- [Dataset]:
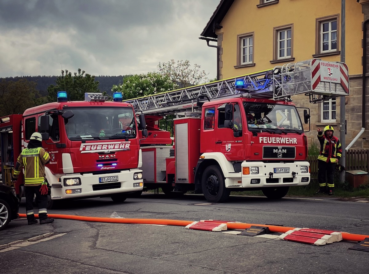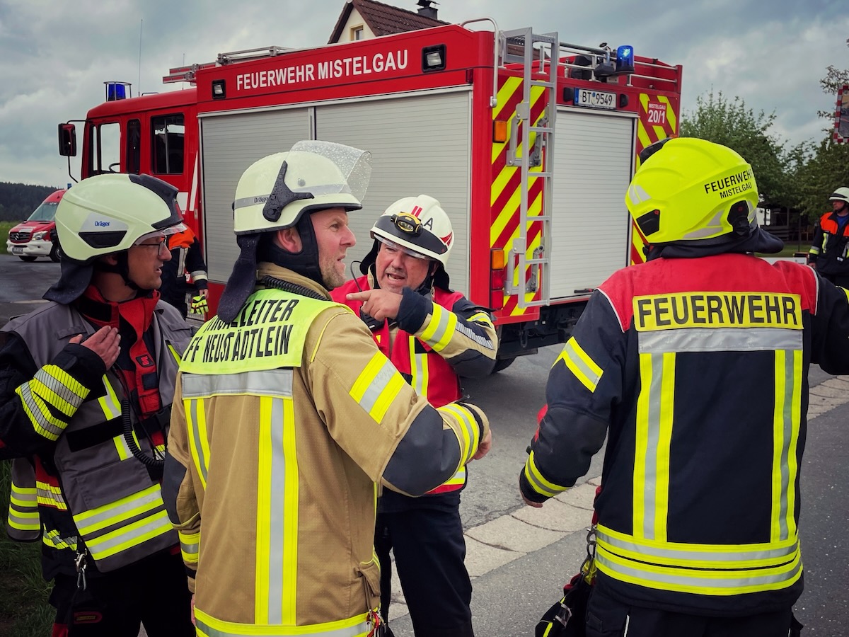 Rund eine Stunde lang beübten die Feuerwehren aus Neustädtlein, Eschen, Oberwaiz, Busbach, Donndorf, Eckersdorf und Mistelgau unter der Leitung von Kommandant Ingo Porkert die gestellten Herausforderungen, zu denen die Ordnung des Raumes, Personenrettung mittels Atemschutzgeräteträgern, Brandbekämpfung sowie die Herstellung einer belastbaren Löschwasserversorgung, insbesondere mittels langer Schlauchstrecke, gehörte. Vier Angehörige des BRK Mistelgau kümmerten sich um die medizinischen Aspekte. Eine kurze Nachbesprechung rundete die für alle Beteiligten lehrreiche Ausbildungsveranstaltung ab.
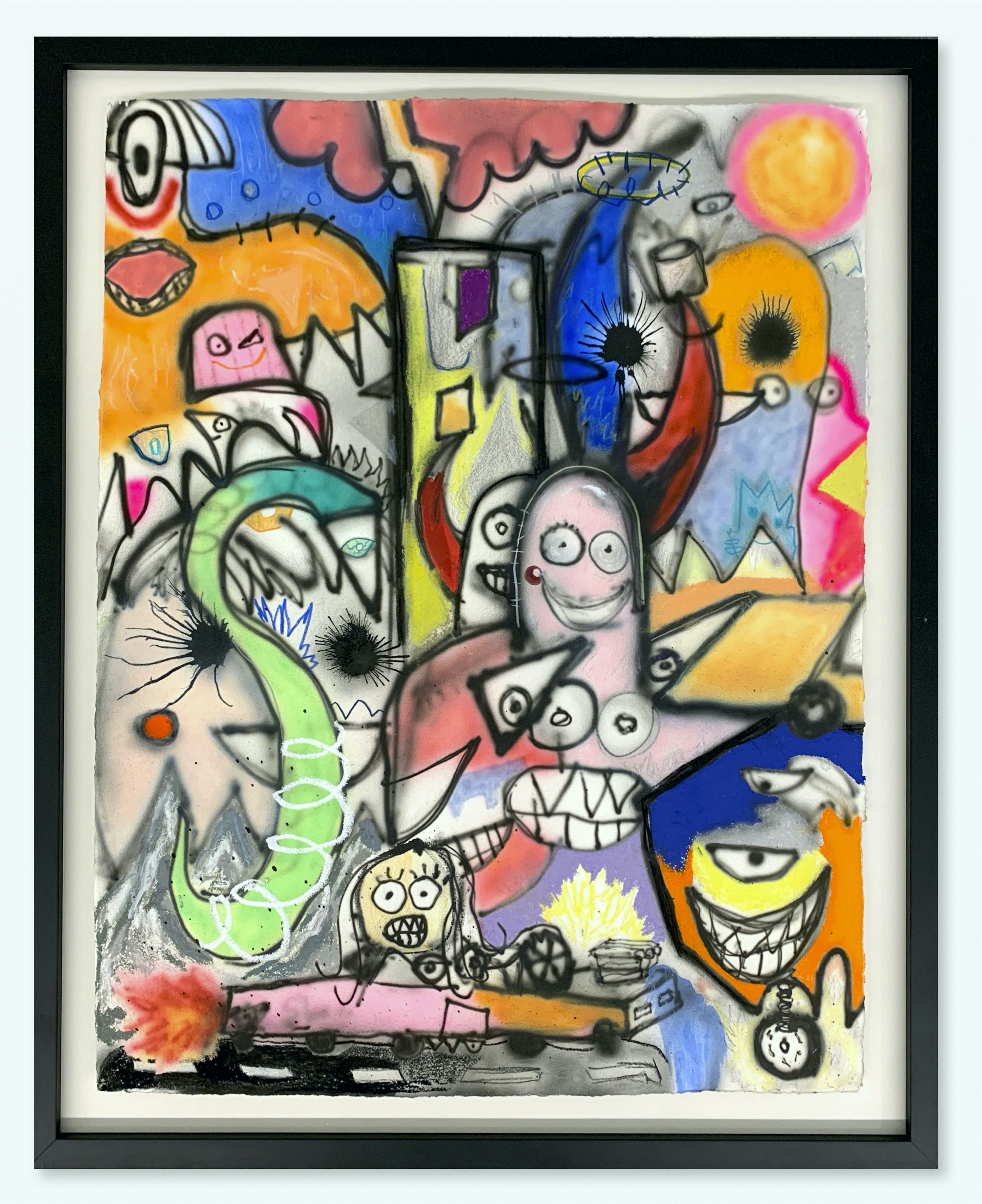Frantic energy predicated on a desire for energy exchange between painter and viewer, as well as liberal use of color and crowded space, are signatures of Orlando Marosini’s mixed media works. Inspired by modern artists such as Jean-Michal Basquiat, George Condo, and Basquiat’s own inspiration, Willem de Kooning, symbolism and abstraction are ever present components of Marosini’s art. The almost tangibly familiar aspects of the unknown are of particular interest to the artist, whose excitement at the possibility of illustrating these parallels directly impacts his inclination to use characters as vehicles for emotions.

* * *

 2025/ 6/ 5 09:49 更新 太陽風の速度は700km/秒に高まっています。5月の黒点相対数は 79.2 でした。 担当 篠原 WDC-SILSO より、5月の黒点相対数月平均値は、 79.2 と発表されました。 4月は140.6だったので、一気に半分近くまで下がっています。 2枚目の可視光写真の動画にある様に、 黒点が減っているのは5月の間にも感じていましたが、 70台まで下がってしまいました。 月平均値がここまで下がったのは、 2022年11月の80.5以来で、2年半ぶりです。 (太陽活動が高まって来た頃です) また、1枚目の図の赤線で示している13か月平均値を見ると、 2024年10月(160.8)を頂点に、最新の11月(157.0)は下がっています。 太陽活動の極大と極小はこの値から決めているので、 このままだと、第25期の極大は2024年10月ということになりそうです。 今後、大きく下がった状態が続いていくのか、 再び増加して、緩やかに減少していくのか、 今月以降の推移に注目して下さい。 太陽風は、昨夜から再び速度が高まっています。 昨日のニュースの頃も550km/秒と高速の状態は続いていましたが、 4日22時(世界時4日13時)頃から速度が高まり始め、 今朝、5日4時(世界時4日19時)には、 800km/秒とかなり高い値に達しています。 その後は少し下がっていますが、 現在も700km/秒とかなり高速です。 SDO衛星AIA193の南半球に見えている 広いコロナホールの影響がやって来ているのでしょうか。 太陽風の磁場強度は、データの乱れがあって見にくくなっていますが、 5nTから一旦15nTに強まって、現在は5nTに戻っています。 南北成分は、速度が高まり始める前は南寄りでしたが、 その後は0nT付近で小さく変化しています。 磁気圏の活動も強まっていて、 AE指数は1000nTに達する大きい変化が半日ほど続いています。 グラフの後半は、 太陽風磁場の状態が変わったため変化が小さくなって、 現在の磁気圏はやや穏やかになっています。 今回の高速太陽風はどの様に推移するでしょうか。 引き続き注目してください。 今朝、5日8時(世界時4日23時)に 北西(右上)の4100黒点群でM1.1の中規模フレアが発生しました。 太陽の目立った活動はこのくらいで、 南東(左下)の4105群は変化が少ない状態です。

- [Exercise goal]: What lines above run from the one with "Rund eine Stunde" to the one with "Frantic energy predicated"? Give them again exactly, ends included, and leave the pictures out.

- [Answer]:
 Rund eine Stunde lang beübten die Feuerwehren aus Neustädtlein, Eschen, Oberwaiz, Busbach, Donndorf, Eckersdorf und Mistelgau unter der Leitung von Kommandant Ingo Porkert die gestellten Herausforderungen, zu denen die Ordnung des Raumes, Personenrettung mittels Atemschutzgeräteträgern, Brandbekämpfung sowie die Herstellung einer belastbaren Löschwasserversorgung, insbesondere mittels langer Schlauchstrecke, gehörte. Vier Angehörige des BRK Mistelgau kümmerten sich um die medizinischen Aspekte. Eine kurze Nachbesprechung rundete die für alle Beteiligten lehrreiche Ausbildungsveranstaltung ab.
Frantic energy predicated on a desire for energy exchange between painter and viewer, as well as liberal use of color and crowded space, are signatures of Orlando Marosini’s mixed media works. Inspired by modern artists such as Jean-Michal Basquiat, George Condo, and Basquiat’s own inspiration, Willem de Kooning, symbolism and abstraction are ever present components of Marosini’s art. The almost tangibly familiar aspects of the unknown are of particular interest to the artist, whose excitement at the possibility of illustrating these parallels directly impacts his inclination to use characters as vehicles for emotions.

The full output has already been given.